Paglia: I wouldn't say I've been totally taken up by them because after all I'm attacked in Commentary--Elizabeth Kristol attacked me. I love the way Vamps & Tramps was attacked by both Commentary and The Nation, from right and left.
But I think that many conservatives, like many priests, seem to like me. I don't think it's because they agree with my views but because they are just invigorated by my discourse. I've constantly said, about Rush Limbaugh, for example--even though he and I don't agree politically, I have always respected him because I feel that he is a principled thinker--I think that any true intellectual finds it stimulating to listen to a principled thinker, a person who has a vigorous independent mind, a new way of approaching contemporary issues. It helps you to reexamine your assumptions and firm up your assumptions. And I think that's what's missing from our culture right now.
For example, in early 1994 I was invited to speak at Harvard's Kennedy School of Government, and there was a dinner with the policy fellows, about 50 people in the room. Highfalutin' media people and academic people. During this meal, Rush Limbaugh came up casually--some woman who was a radio person in Connecticut mentioned that her competition was Rush Limbaugh, and there was a snicker throughout the entire room.
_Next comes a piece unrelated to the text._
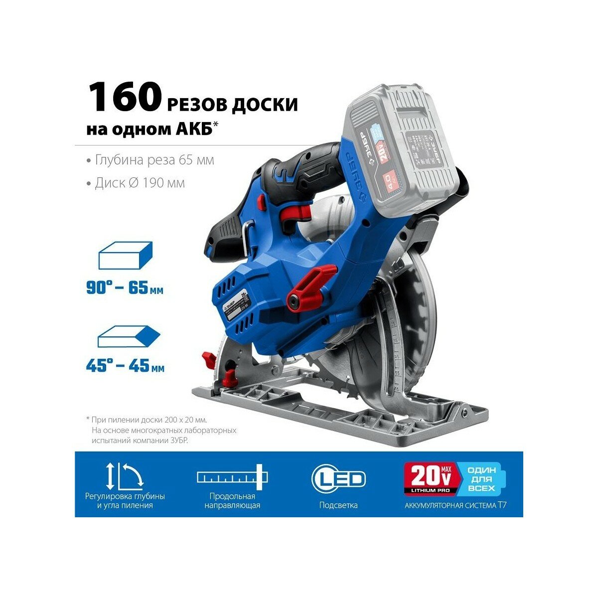 ЗУБР Т7, 20 В, d190 мм, 1 АКБ (4 А·ч), бесщеточная пила циркулярная, Профессионал (CPB-190-41)
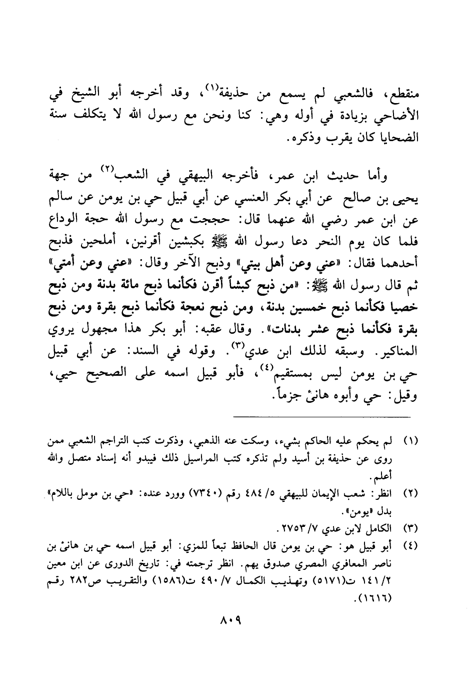 وأما حديث ابن عمر، فأخرجه البيهقي في الشعب من جهة يحيى بن صالح عن أبي بكر العنسي عن أبي قبيل حي بن يومن عن سالم عن ابن عمر رضي الله عنهما قال: حججت مع رسول الله حجة الوداع فلما كان يوم النحر دعا رسول الله صلى الله عليه وسلم بكبشين أقرنين، أملحين فذبح أحدهما فقال: "عني وعن أهل بيتي" وذبح الآخر وقال: "عني وعن أمتي" ثم قال رسول الله صلى الله عليه وسلم: "من ذبح كبشًا أقرن فكأنما ذبح مائة بدنة ومن ذبح خصيًا فكأنما ذبح خمسين بدنة، ومن ذبح نعجة فكأنما ذبح بقرة ومن ذبح بقرة فكأنما ذبح عشر بدنات". وقال عقبه: أبو بكر هذا مجهول يروي المناكير. وسبقه لذلك ابن عدي. وقوله في السند: عن أبي قبيل حي بن يومن ليس بمستقيم، فأبو قبيل اسمه على الصحيح حيي، وقيل: حي وأبوه هانئ جزمًا.

Well, I lost it, I went totally bananas. I lit into them, and I said: "This is outrageous, this kind of demonization of Rush Limbaugh! How many people in this room have actually listened to his program?" One hand, all right? "How many people here have looked at his books, which are bestsellers?" No one. "You are supposed to be here at the Kennedy School of Government as experts in contemporary politics, contemporary cultural issues, right? Do you understand that when you have that attitude toward Rush Limbaugh, you are insulting and demeaning and excluding the millions of his listeners? There's an entire world out there in America that you have no knowledge of!"
Of course, everything I said that evening was a prophecy, because later in the year when the Republican sweep went through and Rush Limbaugh was celebrated in Washington, I'm sure my words came back to haunt many of those people. Suddenly all the media were like, "What happened? We don't understand any of this at all!"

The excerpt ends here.